A New Whistleblower Ethic (Part 2)

The old ethics of whistleblowing, as expressed by de George[1] and others, was formulated in the 1980s as whistleblowing grew to become a phenomenon.  The realities that whistleblowers have experienced over the past three decades call for a new whistleblower ethic.

A new ethic must first relate to all whistleblowers – the big-time players like Snowden, Ellsberg, and others not quite as famous as well as the ordinary employees who report organizational wrongdoing.  It does not limit itself to serious and considerable wrongs, as de George insists, but considers the million or more organizational issues and wrongs reported in the U.S. each year.

Some states, like New York, continue to limit whistleblower protection to those who disclose substantial threats to the public; some, like Louisiana, require that the wrongs disclosed be actual, not suspected, violations of law.  Some organizations, like the Government Accountability Project, focus on violations that interest media and the public on a grand scale[2].  But whistleblower complaints range from the very serious to the far less so.  

HomeFirst’s violation of the food handler card requirement, for example, was not major, but I reported it.  Others have reported a failure to report traffic violations, preferences in job hiring decisions, having to sandbag a supervisor’s house before a storm, and many other wrongs that win little public attention.  I contend that the human impact of these million or more small-time disclosures (plus the many wrongs not disclosed) each year is as significant that of the few high dollar qui tam suits that catch the public eye.

Second, the new ethic accepts that whistleblowers are not always nice or even honorable people.  It is possible that their former employers’ complaints[3] about them are correct in many cases – they can be disgruntled, impolite, disrespectful people who committed wrongs themselves and claim to be whistleblowers only because they hope to be paid off.  They may be misfits of various sorts, and some have mental health issues.  They may make mistakes in their jobs, and they may hope to harm the organization (or someone in the organization).  Much of this may be true, but it cannot distract us from honestly evaluating their allegations.

The public likes its whistleblowers to be saints and heroes[4], but most are ordinary humans who face a difficult decision.  This new ethic places more, not less, pressure on observers of wrongdoing by making the action available to everyone.  We cannot excuse ourselves from decision-making simply because the wrong is small and we are not great.

Another consequence is that every organizational wrong – take the VW emissions fraud, the killing of innocent blacks by police, sex and age discrimination in tech companies, FIFA, or any that you like – is witnessed by numerous insiders who have the opportunity to become whistleblowers in one fashion or another.  That most do not reveal the wrongs neither excuses them nor elevates those who do.

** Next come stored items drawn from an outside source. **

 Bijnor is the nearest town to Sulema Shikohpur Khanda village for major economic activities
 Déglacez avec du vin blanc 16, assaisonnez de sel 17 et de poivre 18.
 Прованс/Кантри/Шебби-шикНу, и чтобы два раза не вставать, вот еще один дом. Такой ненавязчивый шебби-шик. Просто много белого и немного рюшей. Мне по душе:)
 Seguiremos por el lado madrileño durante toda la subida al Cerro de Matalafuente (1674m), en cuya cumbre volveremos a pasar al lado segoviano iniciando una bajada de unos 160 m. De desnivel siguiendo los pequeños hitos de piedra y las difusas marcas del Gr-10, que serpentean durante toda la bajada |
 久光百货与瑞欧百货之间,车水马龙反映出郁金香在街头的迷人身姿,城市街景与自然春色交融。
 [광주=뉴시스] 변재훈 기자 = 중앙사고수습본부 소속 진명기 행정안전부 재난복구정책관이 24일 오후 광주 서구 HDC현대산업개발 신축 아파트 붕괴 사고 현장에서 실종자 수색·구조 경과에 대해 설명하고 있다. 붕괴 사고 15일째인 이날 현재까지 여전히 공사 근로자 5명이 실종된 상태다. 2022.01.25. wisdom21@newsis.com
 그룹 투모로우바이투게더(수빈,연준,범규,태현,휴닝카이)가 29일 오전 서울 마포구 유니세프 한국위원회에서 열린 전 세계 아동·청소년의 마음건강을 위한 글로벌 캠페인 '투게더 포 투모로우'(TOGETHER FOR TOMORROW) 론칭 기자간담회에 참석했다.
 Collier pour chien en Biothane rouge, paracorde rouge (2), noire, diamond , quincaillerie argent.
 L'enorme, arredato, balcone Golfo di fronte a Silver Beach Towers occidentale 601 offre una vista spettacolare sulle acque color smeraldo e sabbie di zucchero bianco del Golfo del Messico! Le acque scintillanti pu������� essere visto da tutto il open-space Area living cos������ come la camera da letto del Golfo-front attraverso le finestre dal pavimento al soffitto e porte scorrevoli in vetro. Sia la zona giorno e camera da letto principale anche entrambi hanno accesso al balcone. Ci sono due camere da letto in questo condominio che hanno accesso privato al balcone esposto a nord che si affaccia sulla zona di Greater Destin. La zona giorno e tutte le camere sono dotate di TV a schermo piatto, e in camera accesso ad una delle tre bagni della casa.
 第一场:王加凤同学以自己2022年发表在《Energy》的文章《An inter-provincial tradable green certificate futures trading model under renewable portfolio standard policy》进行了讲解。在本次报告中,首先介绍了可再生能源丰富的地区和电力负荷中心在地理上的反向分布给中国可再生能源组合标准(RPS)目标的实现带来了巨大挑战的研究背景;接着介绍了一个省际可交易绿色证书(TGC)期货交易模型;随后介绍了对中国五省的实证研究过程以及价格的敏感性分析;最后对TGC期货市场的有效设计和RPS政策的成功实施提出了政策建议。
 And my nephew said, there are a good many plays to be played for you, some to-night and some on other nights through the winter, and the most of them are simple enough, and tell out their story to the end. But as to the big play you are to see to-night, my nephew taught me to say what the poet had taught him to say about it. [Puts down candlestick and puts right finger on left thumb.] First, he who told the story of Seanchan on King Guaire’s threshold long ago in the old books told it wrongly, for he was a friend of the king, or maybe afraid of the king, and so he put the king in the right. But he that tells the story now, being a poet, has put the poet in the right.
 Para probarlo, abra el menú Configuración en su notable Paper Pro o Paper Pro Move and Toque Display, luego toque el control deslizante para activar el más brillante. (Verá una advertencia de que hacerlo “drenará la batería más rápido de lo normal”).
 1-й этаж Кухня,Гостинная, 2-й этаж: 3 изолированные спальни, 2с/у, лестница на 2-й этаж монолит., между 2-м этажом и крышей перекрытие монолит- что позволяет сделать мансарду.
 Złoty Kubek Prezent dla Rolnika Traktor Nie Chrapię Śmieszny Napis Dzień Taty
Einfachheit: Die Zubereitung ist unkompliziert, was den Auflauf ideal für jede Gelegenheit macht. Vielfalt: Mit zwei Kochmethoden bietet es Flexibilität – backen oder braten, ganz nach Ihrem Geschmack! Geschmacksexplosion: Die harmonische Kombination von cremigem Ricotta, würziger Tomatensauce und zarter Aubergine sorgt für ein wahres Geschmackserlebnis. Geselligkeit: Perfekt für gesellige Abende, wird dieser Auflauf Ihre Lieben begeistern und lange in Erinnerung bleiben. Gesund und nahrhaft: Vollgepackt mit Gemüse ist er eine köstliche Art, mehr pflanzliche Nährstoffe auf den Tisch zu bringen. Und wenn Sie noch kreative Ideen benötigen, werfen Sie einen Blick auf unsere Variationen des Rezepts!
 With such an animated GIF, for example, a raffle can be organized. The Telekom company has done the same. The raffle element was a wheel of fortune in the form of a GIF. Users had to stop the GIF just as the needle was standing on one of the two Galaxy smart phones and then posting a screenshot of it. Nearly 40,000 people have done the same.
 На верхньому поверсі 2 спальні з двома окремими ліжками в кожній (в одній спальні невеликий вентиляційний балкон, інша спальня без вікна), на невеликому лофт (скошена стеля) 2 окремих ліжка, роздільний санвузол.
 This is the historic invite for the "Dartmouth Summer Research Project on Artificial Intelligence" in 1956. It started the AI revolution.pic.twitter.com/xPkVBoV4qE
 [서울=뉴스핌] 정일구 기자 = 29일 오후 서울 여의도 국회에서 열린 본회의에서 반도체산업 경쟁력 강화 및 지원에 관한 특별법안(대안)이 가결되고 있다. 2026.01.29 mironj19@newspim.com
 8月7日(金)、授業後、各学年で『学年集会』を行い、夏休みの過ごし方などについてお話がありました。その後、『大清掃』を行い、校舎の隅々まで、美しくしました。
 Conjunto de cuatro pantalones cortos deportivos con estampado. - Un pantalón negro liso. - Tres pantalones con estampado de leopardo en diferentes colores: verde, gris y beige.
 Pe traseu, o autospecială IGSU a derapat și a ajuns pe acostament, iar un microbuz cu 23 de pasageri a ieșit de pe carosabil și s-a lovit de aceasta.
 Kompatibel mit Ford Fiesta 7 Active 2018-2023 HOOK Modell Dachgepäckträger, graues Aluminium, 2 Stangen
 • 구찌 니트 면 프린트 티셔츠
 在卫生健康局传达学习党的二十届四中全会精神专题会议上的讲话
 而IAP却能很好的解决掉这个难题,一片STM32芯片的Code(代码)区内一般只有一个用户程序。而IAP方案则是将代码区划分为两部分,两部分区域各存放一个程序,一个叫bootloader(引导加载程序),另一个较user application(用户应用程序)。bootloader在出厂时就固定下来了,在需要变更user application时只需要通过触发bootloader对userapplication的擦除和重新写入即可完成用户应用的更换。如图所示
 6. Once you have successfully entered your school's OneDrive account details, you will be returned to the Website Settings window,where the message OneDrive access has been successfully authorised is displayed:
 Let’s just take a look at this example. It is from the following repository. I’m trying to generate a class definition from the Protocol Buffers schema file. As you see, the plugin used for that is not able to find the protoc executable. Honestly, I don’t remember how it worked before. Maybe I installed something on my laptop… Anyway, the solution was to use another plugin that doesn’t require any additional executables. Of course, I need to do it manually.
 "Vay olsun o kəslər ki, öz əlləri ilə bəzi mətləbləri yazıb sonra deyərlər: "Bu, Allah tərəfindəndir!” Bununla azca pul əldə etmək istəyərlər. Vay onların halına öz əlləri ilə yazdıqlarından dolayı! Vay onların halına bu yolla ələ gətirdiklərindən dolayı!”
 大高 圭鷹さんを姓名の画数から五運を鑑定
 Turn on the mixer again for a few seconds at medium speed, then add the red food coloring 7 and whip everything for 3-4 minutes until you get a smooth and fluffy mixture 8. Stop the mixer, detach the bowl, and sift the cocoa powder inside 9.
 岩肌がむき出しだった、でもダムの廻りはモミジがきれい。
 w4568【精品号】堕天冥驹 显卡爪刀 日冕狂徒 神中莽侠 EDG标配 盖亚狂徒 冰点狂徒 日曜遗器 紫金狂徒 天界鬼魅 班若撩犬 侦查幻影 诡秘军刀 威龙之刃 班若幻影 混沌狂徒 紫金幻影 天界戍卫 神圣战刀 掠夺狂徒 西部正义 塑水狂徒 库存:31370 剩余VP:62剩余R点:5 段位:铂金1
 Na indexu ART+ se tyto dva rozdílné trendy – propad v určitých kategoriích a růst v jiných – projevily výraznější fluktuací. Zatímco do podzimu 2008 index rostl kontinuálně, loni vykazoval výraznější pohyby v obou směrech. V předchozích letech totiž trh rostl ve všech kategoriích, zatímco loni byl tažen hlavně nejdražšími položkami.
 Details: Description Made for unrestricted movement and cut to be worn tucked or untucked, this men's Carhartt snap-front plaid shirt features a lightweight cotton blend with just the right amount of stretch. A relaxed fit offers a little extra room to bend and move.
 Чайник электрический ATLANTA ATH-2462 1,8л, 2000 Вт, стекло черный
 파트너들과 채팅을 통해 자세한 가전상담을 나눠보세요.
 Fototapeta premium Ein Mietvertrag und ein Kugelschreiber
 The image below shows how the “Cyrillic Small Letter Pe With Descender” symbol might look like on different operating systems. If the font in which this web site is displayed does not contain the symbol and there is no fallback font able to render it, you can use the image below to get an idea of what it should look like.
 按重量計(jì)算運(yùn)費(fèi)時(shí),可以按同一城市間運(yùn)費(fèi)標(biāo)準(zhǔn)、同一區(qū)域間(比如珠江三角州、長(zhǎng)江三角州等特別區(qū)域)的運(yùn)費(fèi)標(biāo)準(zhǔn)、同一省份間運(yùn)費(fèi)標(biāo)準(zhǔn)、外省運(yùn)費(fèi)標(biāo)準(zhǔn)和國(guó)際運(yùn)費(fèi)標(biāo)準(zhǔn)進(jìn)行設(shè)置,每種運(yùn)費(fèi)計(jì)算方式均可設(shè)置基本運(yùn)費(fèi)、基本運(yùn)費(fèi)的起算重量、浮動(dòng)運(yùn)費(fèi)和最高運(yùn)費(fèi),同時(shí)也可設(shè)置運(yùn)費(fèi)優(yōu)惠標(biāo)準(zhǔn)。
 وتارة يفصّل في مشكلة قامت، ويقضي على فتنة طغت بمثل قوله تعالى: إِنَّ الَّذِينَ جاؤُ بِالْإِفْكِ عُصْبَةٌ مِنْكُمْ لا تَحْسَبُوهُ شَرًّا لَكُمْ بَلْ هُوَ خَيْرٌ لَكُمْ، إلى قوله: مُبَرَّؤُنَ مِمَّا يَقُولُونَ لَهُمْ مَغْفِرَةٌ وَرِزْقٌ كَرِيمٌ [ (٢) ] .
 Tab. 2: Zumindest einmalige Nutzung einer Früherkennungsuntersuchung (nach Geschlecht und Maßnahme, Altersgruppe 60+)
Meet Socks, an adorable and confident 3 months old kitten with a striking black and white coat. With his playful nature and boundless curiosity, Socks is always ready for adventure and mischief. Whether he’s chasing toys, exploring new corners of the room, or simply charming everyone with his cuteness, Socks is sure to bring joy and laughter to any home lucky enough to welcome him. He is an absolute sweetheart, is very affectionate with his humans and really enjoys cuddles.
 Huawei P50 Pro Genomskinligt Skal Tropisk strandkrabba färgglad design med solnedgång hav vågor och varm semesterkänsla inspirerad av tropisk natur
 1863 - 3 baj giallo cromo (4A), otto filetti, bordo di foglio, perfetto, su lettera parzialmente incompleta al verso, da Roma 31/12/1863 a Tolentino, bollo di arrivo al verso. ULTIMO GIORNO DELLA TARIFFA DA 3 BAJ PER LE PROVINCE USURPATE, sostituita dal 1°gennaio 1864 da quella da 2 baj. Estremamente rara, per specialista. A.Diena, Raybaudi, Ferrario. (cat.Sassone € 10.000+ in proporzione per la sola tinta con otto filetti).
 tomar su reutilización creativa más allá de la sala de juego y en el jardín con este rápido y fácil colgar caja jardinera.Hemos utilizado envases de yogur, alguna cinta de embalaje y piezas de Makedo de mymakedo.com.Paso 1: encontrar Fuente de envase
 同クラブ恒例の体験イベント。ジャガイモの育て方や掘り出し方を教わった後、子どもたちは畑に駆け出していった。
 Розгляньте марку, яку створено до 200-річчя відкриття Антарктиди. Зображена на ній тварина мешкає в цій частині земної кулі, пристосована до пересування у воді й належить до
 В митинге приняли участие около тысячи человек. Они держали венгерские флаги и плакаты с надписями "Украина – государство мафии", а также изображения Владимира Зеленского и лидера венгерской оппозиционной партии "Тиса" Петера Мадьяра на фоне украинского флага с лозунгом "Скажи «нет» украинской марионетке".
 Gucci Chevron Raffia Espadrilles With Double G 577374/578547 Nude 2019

A third element of the new ethic follows from the history of retaliations by organizations: whistleblowers need not play fair and are not limited in their tactics. 

-          Those who disclose wrongs cannot count on being treated fairly by their employers, by enforcement agencies, or by the media.  As a result, they have no obligation to comply with rules of engagement promoted by those who will attack them.

-          Unrestricted by established rules for making their disclosures, whistleblowers may reveal wrongs without warning.  They may preemptively disclose them to enforcement agencies, possibly making them eligible for limited protection against retaliation, or to media, possibly exposing them to punishment by the wrongdoer if discovered.

-          They may gather whatever information they seek to prove their claim, taking care to avoid punishment that could come with discovery by the wrongdoer.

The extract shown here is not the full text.